Sigh,another day, another physcological adventure.
Why did I even decide to join this conundrum.
Emeline had promised Maya,a very close friend, that she would join her "class" (of sorts).
The idea was that they would write and read out loud a paragraph a day for 26 days talking about their thoughts or feelings toward a certain word.After a nice long shower and some delicious cereal, Emeline decided to check her phone for anything important.
Maya: Anxiety.Meeting at 3. Miami Beach.
Maya always had a very straightforward factor to her. Concise,never dwindling away from absolute importance.
Emeline: Ok.
Anxiety....
What could I write about that.Maya: Remember write truth.
Truth. Ok.
It took Emeline about 1 hour to write the paragraph,just as she was about to re-read and fact check everything she remembered that Maya had told her that the one rule they had was that you were not allowed to re-read whatever you had written which scared Emeline because she was a very private person and removing her brain-to-mouth filter was rare.
Emeline decided a light lunch was a good idea, so she had a nice chicken curry sandwich and lemonade while watching Scooby-Doo (her favorite TV show). Checking the time she realizes that it was 2 pm, so she got up,washed the dishes and went to get ready. She decided that since the meeting was at the beach and it was a wonderful day in the tropics that she would wear a pair of jeans shorts and a crocheted top with her floral two piece underneath. She then grabbed her essentials and headed out, she happened to arrive 10 minutes early.

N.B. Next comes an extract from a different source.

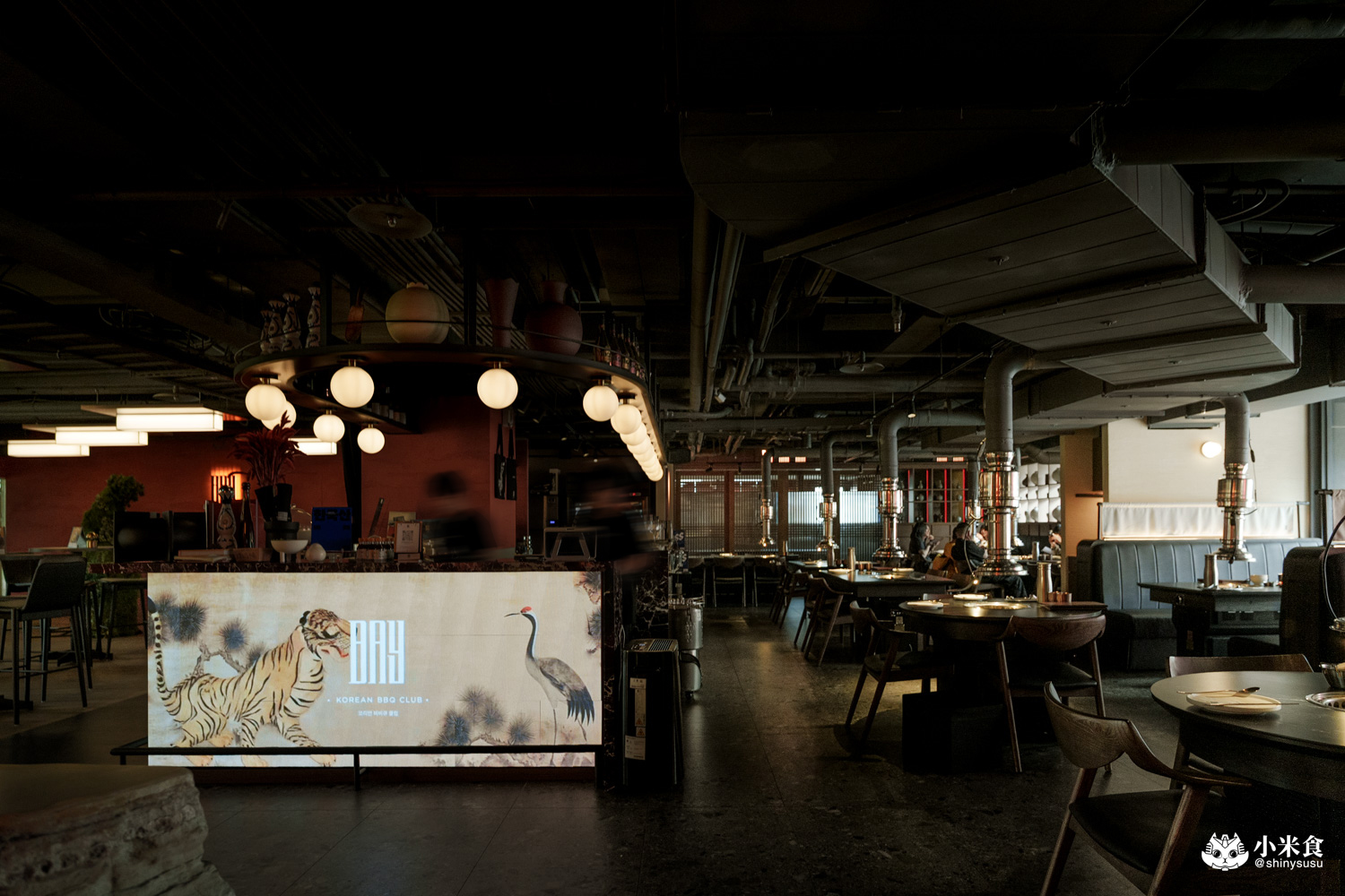 BAY Korean BBQ Club空間以古典韓風、街頭霓虹與老虎元素遊走交錯,將中城夜晚魔幻點燈

She found Maya a few seconds later and was helping Maya set up the seats and refreshments. At three on the dot Maya commenced the day's activity with her own short paragraph on anxiety. When everyone came they had to pull numbers, Emeline's was 2, the first guy took about 10 minutes to talk and then it was her turn.
She shyly walked to the top and stared at the 30 people intently, brushing her eyes over them trying to figure out their problems.
"Anxiety, it is resembled by the color yellow, and it haunts. It creeps through the cracks of your thoughts trying to undermine your shaky decisions. It has fucked with all of us but we need to let this yellow goop that it is not welcome here. Everything it slides through a crack we must put another wall, and by the end of the thought trail we are assured or reassured of our plans.
Anxiety is a trail of what if's.
That we need to kill with I will's.
Or try me's."Emeline got a soft applause,as her keen brown eyes searched through everyone as they shifted uncomfortably under her gaze. But as she sat in her front row seat she felt eyes search the back of her head with intrigue, she turned her head and she was searching through his forestry as he looked through her shit or dirt. They both gave up on the staring contest simultaneously and sank back into their respective seats.
At 4 the meeting adjourned and Emeline laid out a towel close to the shore,shed her clothes and dove into the cerulean waters confidently. Emeline swam for half of an hour straight,then decided the head home after enjoying the beautiful tropical sunset.
Her sleep that night was wonderful and dream less just how she liked them.